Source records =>
________________

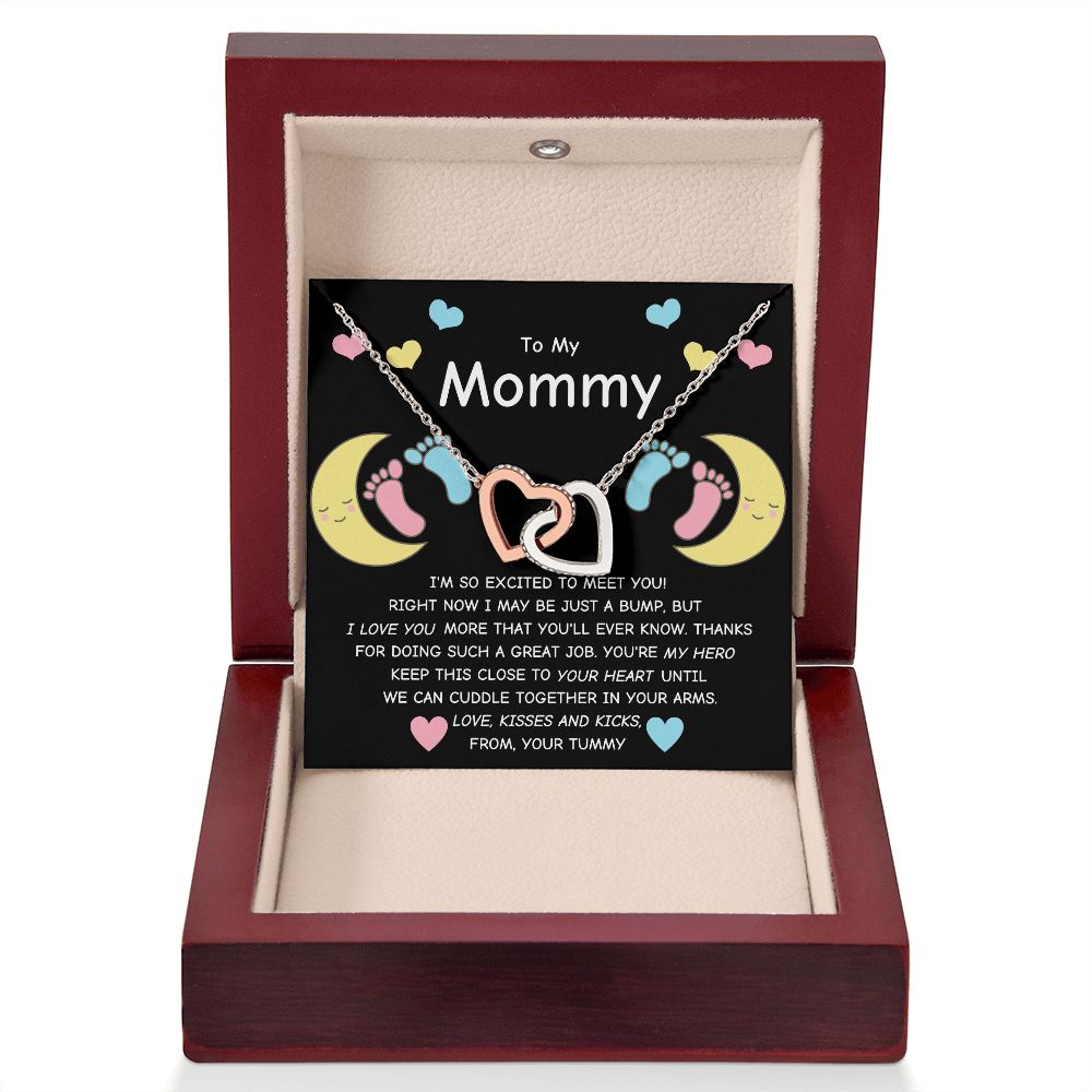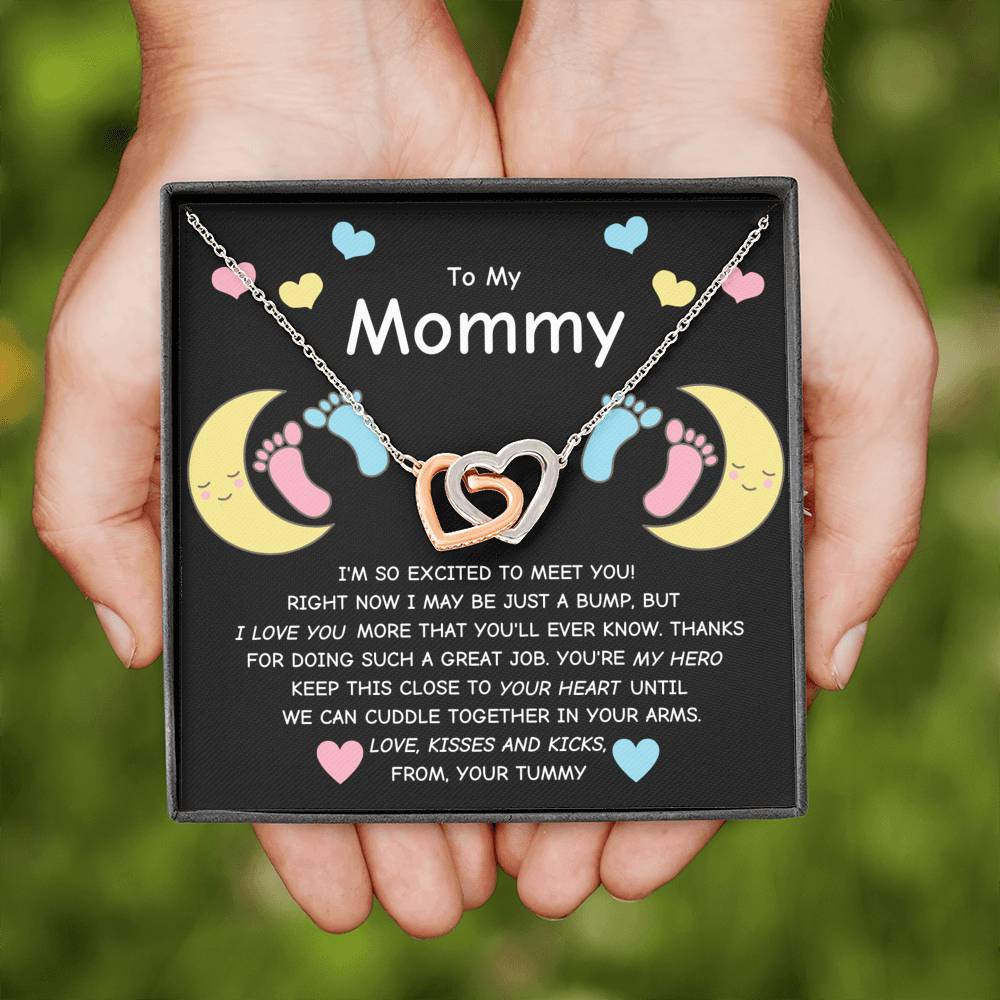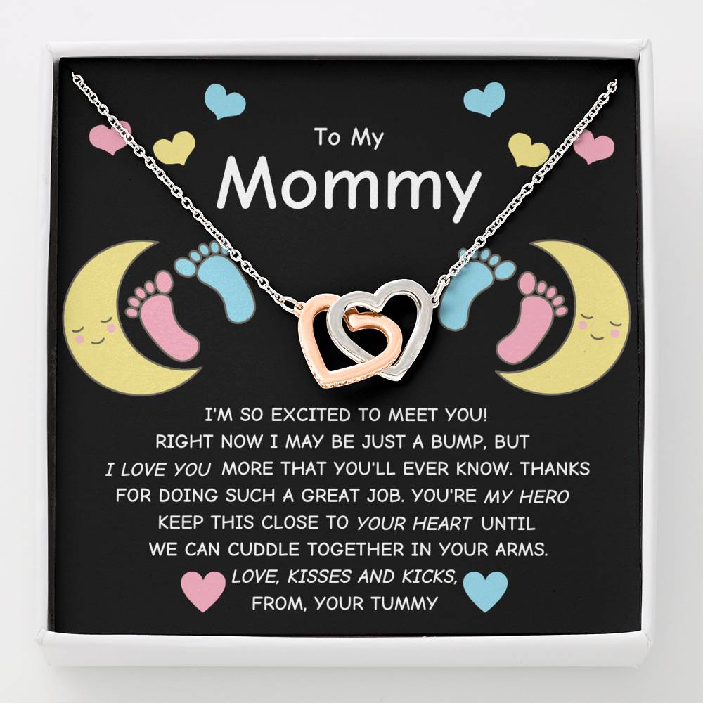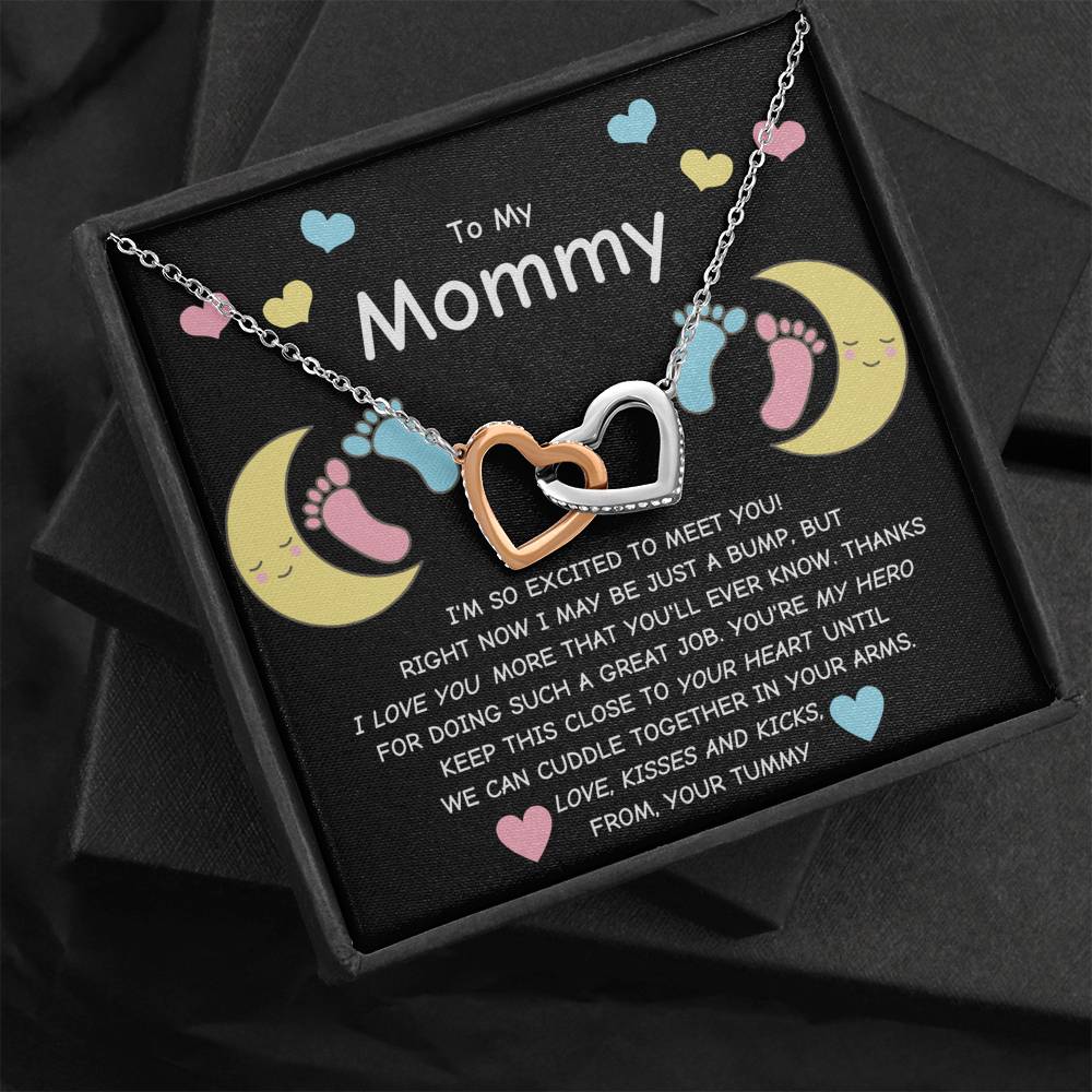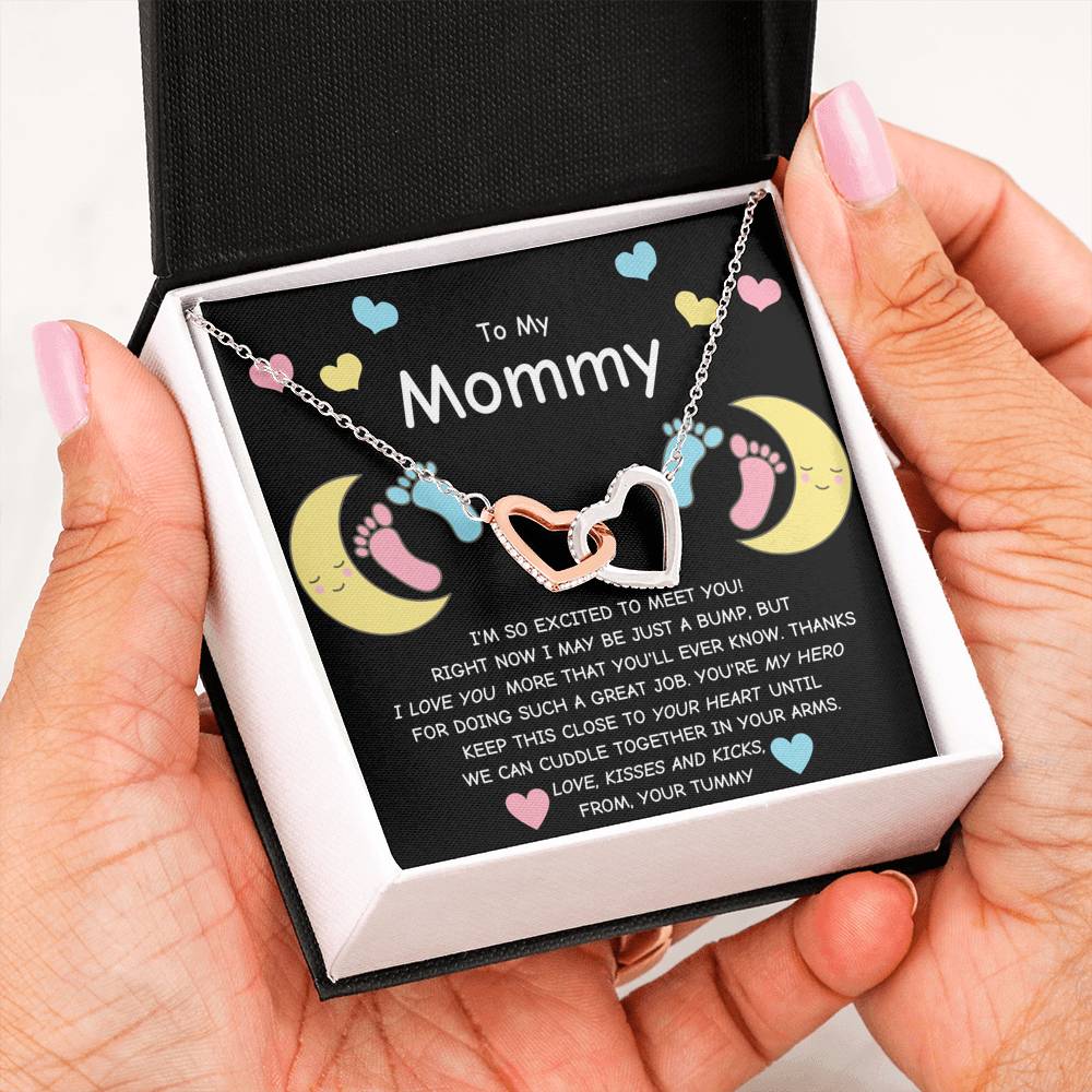 Surprise the Expecting "Mom to Be" with this Forever Interlocking Hearts necklace with message card (as shown) gift today!
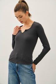 Sleek, minimal, and effortlessly elevated — the Ribbed Notched Neck Top in Dark Charcoal is the ultimate layering essential for the modern woman. The soft ribbed texture and flattering notched neckline bring a refined edge to this everyday basic, while its fitted yet comfortable silhouette enhances your natural shape. Designed in a stretchy rayon blend, it moves with you through every season, pairing beautifully with denim, trousers, or under your favorite blazer for a polished finish.
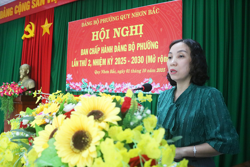 Phát biểu kết luận Hội nghị, đồng chí đồng chí Trần Thị Như Hoa - Bí thư Đảng ủy, Chủ tịch HĐND phường ghi nhận, biểu dương những kết quả cấp ủy, chính quyền, Mặt trận Tổ quốc, các đoàn thể và Nhân dân phường Quy Nhơn Bắc đã đạt được trong thời gian qua. Đồng chí Bí thư nhấn mạnh, trong 3 tháng cuối năm, toàn Đảng bộ phường tiếp tục phát huy tinh thần đoàn kết, nêu cao trách nhiệm, tập trung triển khai quyết liệt, hoàn thành Kế hoạch phát triển kinh tế - xã hội, kế hoạch đầu tư xây dựng cơ bản và chỉnh trang đô thị năm 2025. Tăng cường công tác quản lý đất đai, xây dựng, trật tự đô thị, vệ sinh môi trường. Quan tâm nâng cao công tác y tế, giáo dục. Cùng với đó, chú trọng công tác xây dựng Đảng, nâng cao chất lượng sinh hoạt chi bộ, phát triển đảng viên mới; đẩy mạnh cải cách hành chính, ứng dụng chuyển đổi số, nâng cao chất lượng phục vụ Nhân dân. Quan tâm công tác an sinh xã hội, chăm lo đời sống nhân dân; giữ vững an ninh chính trị, trật tự an toàn xã hội, chuẩn bị chu đáo công tác tuyển quân năm 2026. Chủ động chuẩn bị mọi điều kiện cho công tác phòng chống thiên tai, bão lũ từ phường đến khu phố. Tăng cường công tác phổ biến, quán triệt, triển khai thực hiện Nghị quyết Đại hội đại biểu Đảng bộ phường lần thứ I, Nghị quyết Đại hội đại biểu Đảng bộ tỉnh Gia Lai lần thứ I, nhiệm kỳ 2025 - 2030; đồng thời, tổ chức tốt Đại hội Mặt trận và các hội, đoàn thể của phường nhiệm kỳ 2025 - 2030...
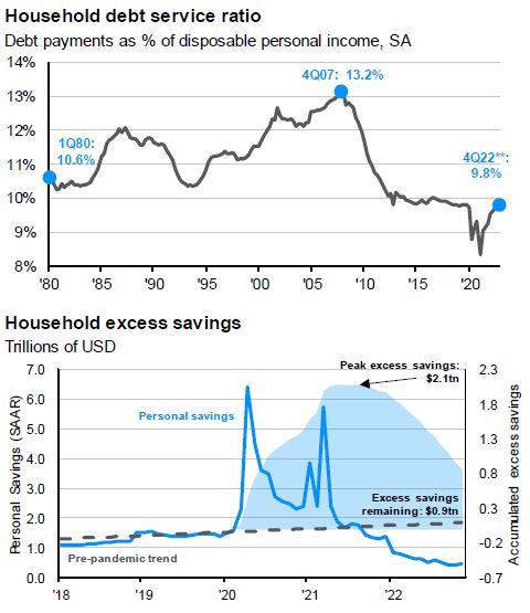 As you can see in the Household Excess Savings graph above, there was a significant increase in the amount of cash and cash equivalents on hand for the normal household in the U.S., primarily driven by pandemic related government stimulus programs. Savings peaked in mid-2021 and households have been eating into the funds over the last year and a half. Low interest rates and fiscal stimulus helped reduce the household debt service ratio in the early part of the pandemic. However, dwindling cash reserves and rapidly increasing interest rates are flipping the script. Consumers are running out of cash and debt service ratios are returning to where they were pre-pandemic. That is about to get worse with government programs limiting or stopping student loan payments about to run out. The unfortunate conclusion is that the U.S. consumer is running out of fuel.
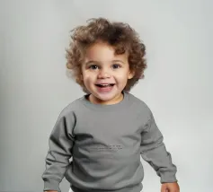 Le nostre felpe per neonati sono realizzate all'85% in cotone biologico ed etico e al 15% in poliestere riciclato.
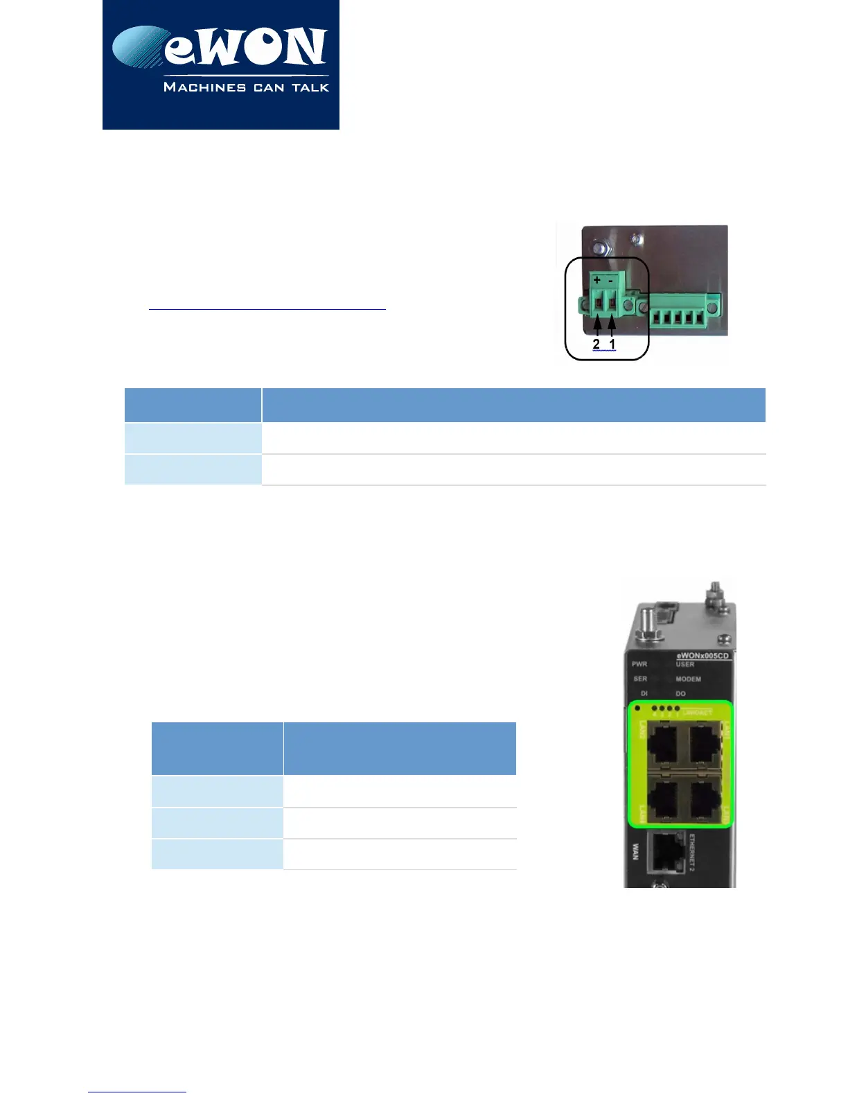 By default, only the LAN Ethernet interface of the eWON4005CDTM can be used to access the
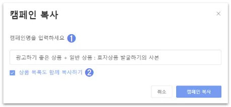 상품 목록도 함께 복사하기 : 체크 박스를 선택할 경우, 기존 캠페인의 상품 목록을 그대로 불러올 수 있습니다. : 체크 박스 해제 시, 기존 캠페인의 상품은 복사가 되지 않기 때문에 새로 추가해주셔야 합니다.

________________

What you will do => From the first line to the last, repeat the entries exactly and leave out the pictures.

Result of this exercise =>
 Surprise the Expecting "Mom to Be" with this Forever Interlocking Hearts necklace with message card (as shown) gift today!
 Sleek, minimal, and effortlessly elevated — the Ribbed Notched Neck Top in Dark Charcoal is the ultimate layering essential for the modern woman. The soft ribbed texture and flattering notched neckline bring a refined edge to this everyday basic, while its fitted yet comfortable silhouette enhances your natural shape. Designed in a stretchy rayon blend, it moves with you through every season, pairing beautifully with denim, trousers, or under your favorite blazer for a polished finish.
 Phát biểu kết luận Hội nghị, đồng chí đồng chí Trần Thị Như Hoa - Bí thư Đảng ủy, Chủ tịch HĐND phường ghi nhận, biểu dương những kết quả cấp ủy, chính quyền, Mặt trận Tổ quốc, các đoàn thể và Nhân dân phường Quy Nhơn Bắc đã đạt được trong thời gian qua. Đồng chí Bí thư nhấn mạnh, trong 3 tháng cuối năm, toàn Đảng bộ phường tiếp tục phát huy tinh thần đoàn kết, nêu cao trách nhiệm, tập trung triển khai quyết liệt, hoàn thành Kế hoạch phát triển kinh tế - xã hội, kế hoạch đầu tư xây dựng cơ bản và chỉnh trang đô thị năm 2025. Tăng cường công tác quản lý đất đai, xây dựng, trật tự đô thị, vệ sinh môi trường. Quan tâm nâng cao công tác y tế, giáo dục. Cùng với đó, chú trọng công tác xây dựng Đảng, nâng cao chất lượng sinh hoạt chi bộ, phát triển đảng viên mới; đẩy mạnh cải cách hành chính, ứng dụng chuyển đổi số, nâng cao chất lượng phục vụ Nhân dân. Quan tâm công tác an sinh xã hội, chăm lo đời sống nhân dân; giữ vững an ninh chính trị, trật tự an toàn xã hội, chuẩn bị chu đáo công tác tuyển quân năm 2026. Chủ động chuẩn bị mọi điều kiện cho công tác phòng chống thiên tai, bão lũ từ phường đến khu phố. Tăng cường công tác phổ biến, quán triệt, triển khai thực hiện Nghị quyết Đại hội đại biểu Đảng bộ phường lần thứ I, Nghị quyết Đại hội đại biểu Đảng bộ tỉnh Gia Lai lần thứ I, nhiệm kỳ 2025 - 2030; đồng thời, tổ chức tốt Đại hội Mặt trận và các hội, đoàn thể của phường nhiệm kỳ 2025 - 2030...
 As you can see in the Household Excess Savings graph above, there was a significant increase in the amount of cash and cash equivalents on hand for the normal household in the U.S., primarily driven by pandemic related government stimulus programs. Savings peaked in mid-2021 and households have been eating into the funds over the last year and a half. Low interest rates and fiscal stimulus helped reduce the household debt service ratio in the early part of the pandemic. However, dwindling cash reserves and rapidly increasing interest rates are flipping the script. Consumers are running out of cash and debt service ratios are returning to where they were pre-pandemic. That is about to get worse with government programs limiting or stopping student loan payments about to run out. The unfortunate conclusion is that the U.S. consumer is running out of fuel.
 Le nostre felpe per neonati sono realizzate all'85% in cotone biologico ed etico e al 15% in poliestere riciclato.
 By default, only the LAN Ethernet interface of the eWON4005CDTM can be used to access the
 상품 목록도 함께 복사하기 : 체크 박스를 선택할 경우, 기존 캠페인의 상품 목록을 그대로 불러올 수 있습니다. : 체크 박스 해제 시, 기존 캠페인의 상품은 복사가 되지 않기 때문에 새로 추가해주셔야 합니다.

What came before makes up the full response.